In our work, we focus on the model-based class where a new method based on Sparse faults assumption is proposed. This method amounts to left-invertibility problem which is treated in many works (e.g., in case of linear system in [11] and [12] and in case of non-linear in [13]. This method, denoted as Sparse Recovery Diagnosis (SRD), consists of recovering the information of faults (unknown inputs) from the system measurements (system outputs). This method is efficient when the number of unknown inputs is greater than the number of measurements.

In recent works (e.g., [14] and [15] ), the (SR) algorithm is improved. Besides, it is applied in sensor networks [16], image processing and wireless communication [17], cyber-attacks [18] and mechanical faults (e.g., [19] and [20] ).

The SRD technique requires a dynamic modeling in case of healthy and faulty operations. Hence, in this paper, a sparse representation of possible faults will be modeled and reconstructed on line. The considered faults are a variation of the DC-link voltage and a change in the filter output inductance value for each phase a, b and c.

Some assumptions (Sparsity, Restricted Isometry Property (RIP)) are needed with respect to the influence of faults on the measured signal, in order to apply an exact SR technique.

Therefore, the first contribution of this paper is the application of the SRD algorithm to detect and estimate electrical faults in hybrid dynamical system which has not been published yet. The second contribution consists on applying a finite time algorithm with an adaptive exponent $\alpha$ (applied in [21] as a fixed exponent) which takes into account the quality of the measured noisy signal.

The remainder of the paper is structured as follows; healthy and faulty models of the studied system are detailed in section II. Section III presents some recalls on left invertibility and SR algorithm as well as the presentation of the proposed FDI method; followed by comments and analysis simulation results in section IV. Concluding remarks end the paper.

2. Modeling Framework

2.1. Healthy System Model

The structure of the studied system is given in Figure 1. It is composed by a wind turbine connected to the grid under three-phase power electronics inverter, A DC-link and a RL filter (with R small as possible).

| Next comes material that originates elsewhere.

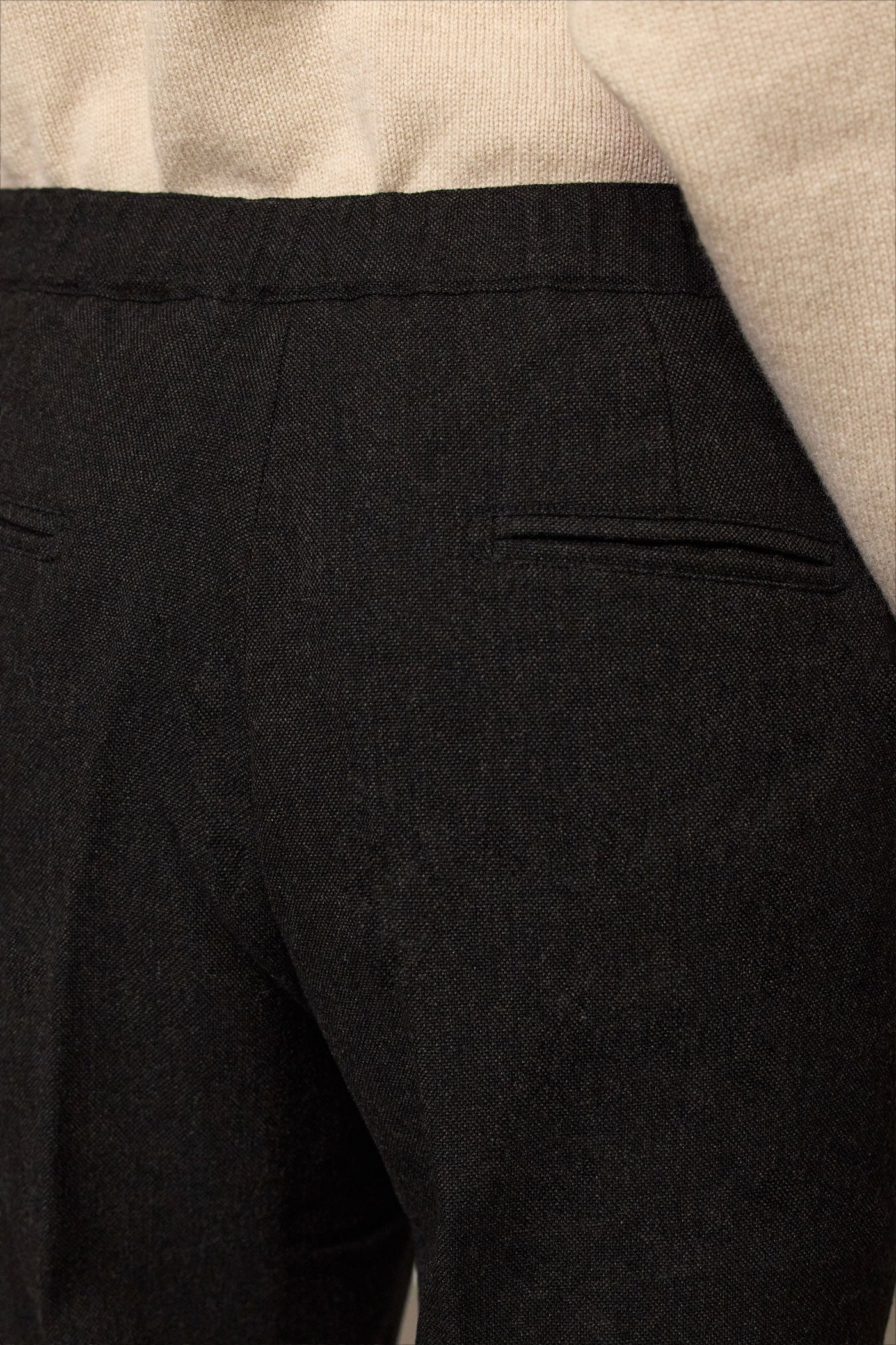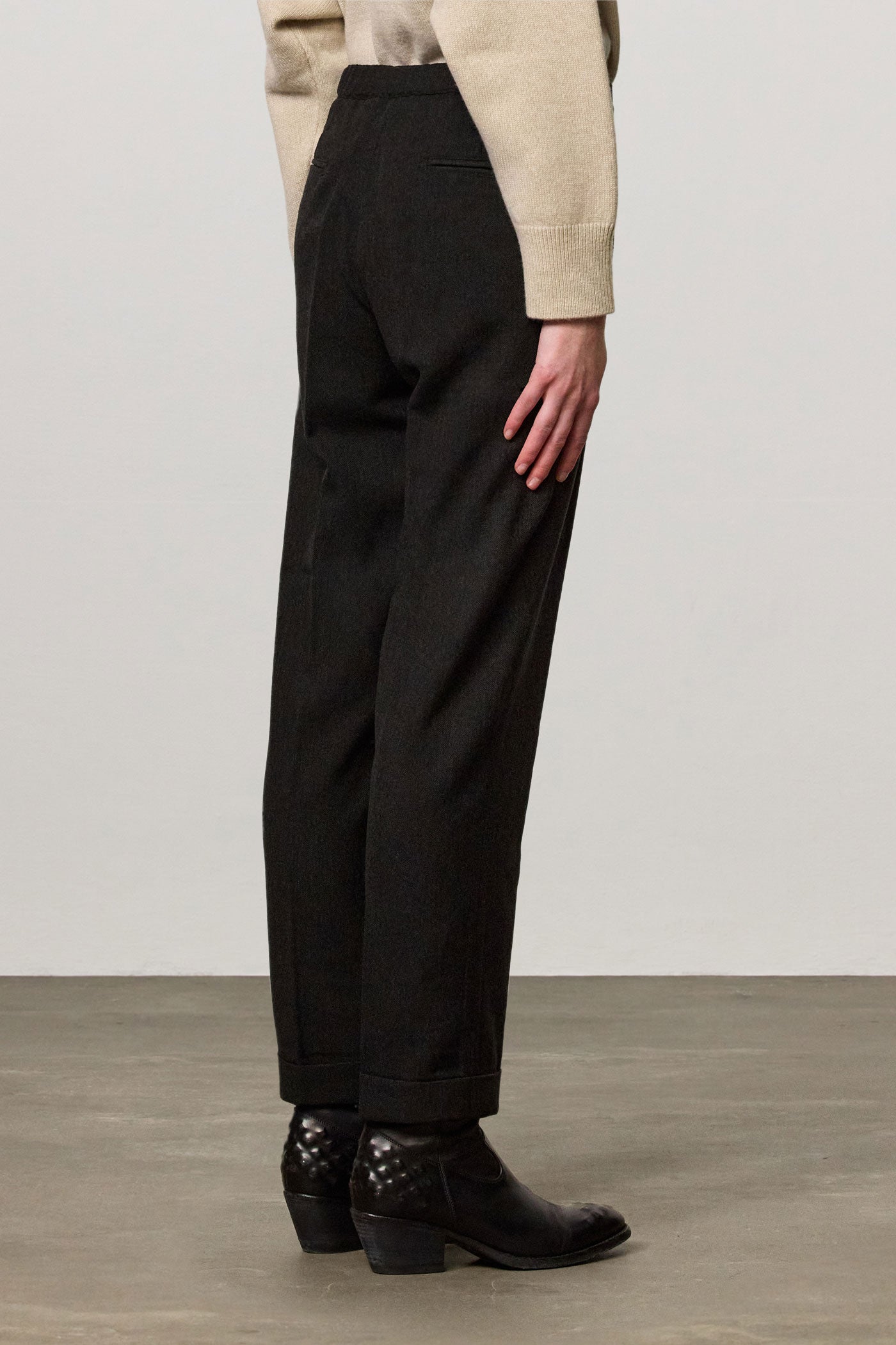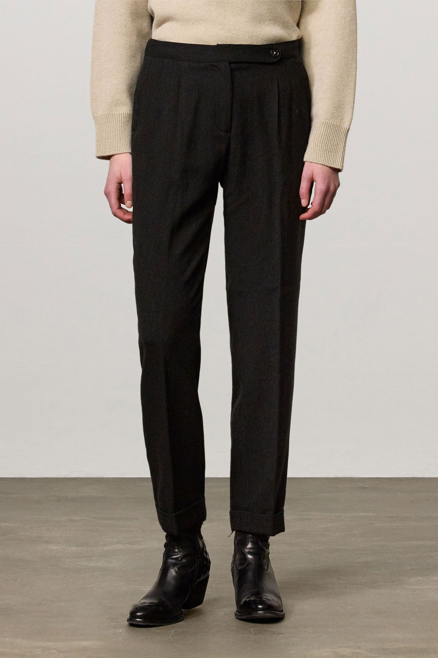Mid-rise comfort-fit trousers with double pleats, carrot leg tapered at the ankle and cuffed hem. Zip closure with horn button on side waistband. Crafted from soft wool. Made in Italy.

In this paper, we focused on the grid connected side which is modeled in (a,b,c) reference frame by the following electrical equations [22]:

$\{\begin{array}{l}{v}_{an}=R_a{i}_{ga}+L_a\frac{\text{d}{i}_{ga}}{\text{d}t}+v_{ga}\\ v_{bn}=R_b{i}_{gb}+L_b\frac{\text{d}{i}_{gb}}{\text{d}t}+v_{gb}\\ v_{cn}=R_c{i}_{gc}+L_c\frac{\text{d}{i}_{gc}}{\text{d}t}+v_{gc}\end{array}$ (1)

where, $v_{an},v_{bn}$ and $v_{cn}$ are the inverter output voltages, $i_{ga},i_{gb}$ and $i_{gc}$ are the line currents, $v_{ga},v_{gb}$ and $v_{gc}$ are the grid voltages and $L_{a,b,c}$ and $R_{a,b,c}$ are respectively the inductance and the resistance of the filter.

For the considered system, there are six switches that result 64 possible combinations. However, exactly eight operating modes are allowed because there is only one switch closed at any given time on each phase. Let the function $\sigma :\left[0,\infty \right)\to \left\{1,2,\cdots ,8\right\}$ denotes the active mode at time t, and let $s_i$, $i=1,2,\cdots ,6$, be an indicator variable that is equal to 0 whenever the switch $T_i$, $i=1,2,\cdots ,6$ is open and equal to 1 whenever it is closed. The switches of the same phase are controlled to be in complementary states. Then, Table 1 presents the possible open/closed switch positions, where, $s_i=1\left({\bar{s}}_i=1-s_i=0\right)$ if $T_i$ is closed and $s_i=0\left({\bar{s}}_i=1-s_i=1\right)$ if $T_i$ is open.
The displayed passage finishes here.